Goal-Setting and the Law
Having spent many years working with law firms, I’ve noticed something interesting about them. Attorneys in small practices and partners in larger firms each tend to make the same two mistakes when it comes to goal-setting, if they bother to set personal or organizational goals at all -- and many don’t. They end up spending most of their energy based on whatever happened yesterday, rather than working toward a clearly defined vision of their future practice.
The first mistake is that they start with goals that connect to the firm and not to them as individuals. What they come up with usually sounds like this: “Next year I/we should grow by X%.” The problem, of course, is that X% is just a number, and a number in and of itself is not very motivating. Not only that, I’ve noticed that attorneys rarely put in the time and effort
to write out a plan detailing what they would need to do to achieve X%! In the absence of such a plan, and in the absence of a compelling personal reason to change behaviors, lawyers do what the rest of us do: default to the routines with which they are most familiar and most comfortable. That means doing the same thing they did yesterday.

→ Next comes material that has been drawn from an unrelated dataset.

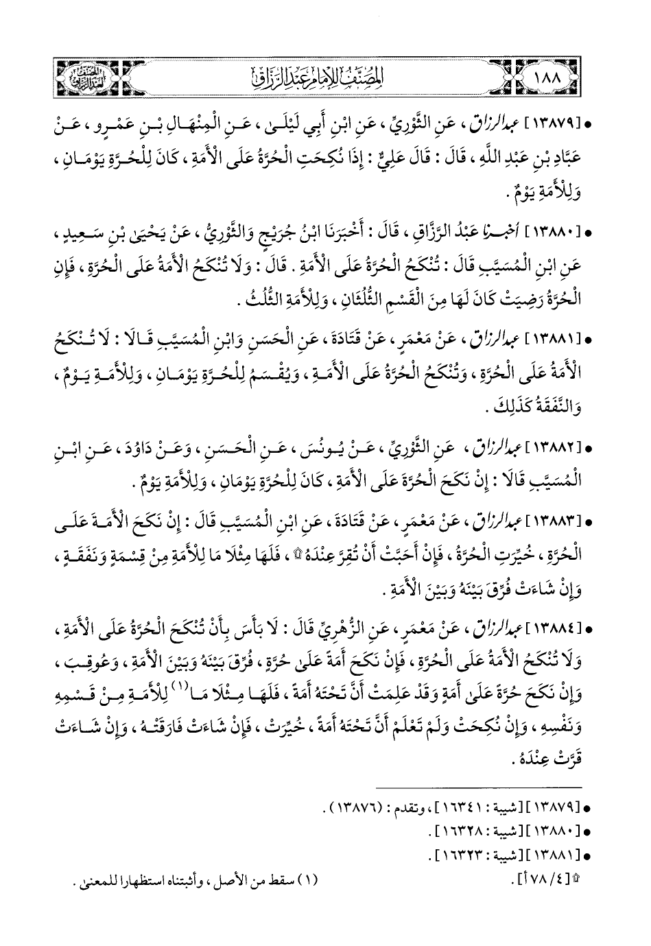 13880- أخبرنا عبد الرزاق، قَالَ: أَخْبَرَنَا ابْنُ جُرَيْجٍ، وَالثَّورِيُّ، عَن يَحيَى بنِ سَعيدٍ، عَنِ ابْنِ المُسَيَّبِ، قَالَ: تُنْكَحُ الْحُرَّةُ عَلَى الأَمَةِ. قَالَ: وَلاَ تُنْكَحُ الأَمَةُ عَلَى الْحُرَّةِ، فَإِنِ الْحُرَّةُ رَضِيَتْ كَانَ لَهَا مِنَ الْقَسْمِ الثُّلُثَانِ، وَلِلأَمَةِ الثُّلُثُ.

The remedy to this first mistake is to start by identifying their own most important personal Goals. What, specifically, do they want their lives to look like six months from now? A year from now? Five years from now? I’m not talking just about the amount of money in the bank, but also about social and family goals, educational and hobby goals, and yes, even “stuff” goals. Once this personal vision is clear, then it’s time to set goals in one’s practice that will enable him or her to achieve the lifestyle they want. The personal vision is where true motivation comes from.
The second mistake is just as likely to result in them focusing on a behavior set that is familiar and comfortable: they make their business goals too small, aiming for growth like 10% or 15%. If pushed, the attorneys I work with usually admit that they’d settle for less! (That’s a sign that a compelling personal vision has not yet been established.)
My question for attorneys -- once the personal vision is in place -- is a simple one. Why aim low? Why not aim for 50% growth, or even 100% growth, in the coming year? Before you scoff and say it’s not possible, open your mind to the possibility that it could be. (I have plenty of clients who have planned for and executed such aggressive growth plans.) Sure, you’d have to change a paradigm or two, and change your daily activity plan in such a way that it isn’t identical to what you did yesterday. But I think you will find that as soon as you open your mind to the possibility of dramatic growth in your practice that supports the direction you want your life to move in, you will start coming up with ideas and strategies that support that vision!
- by Kevin Shulman of Shulman & Associates.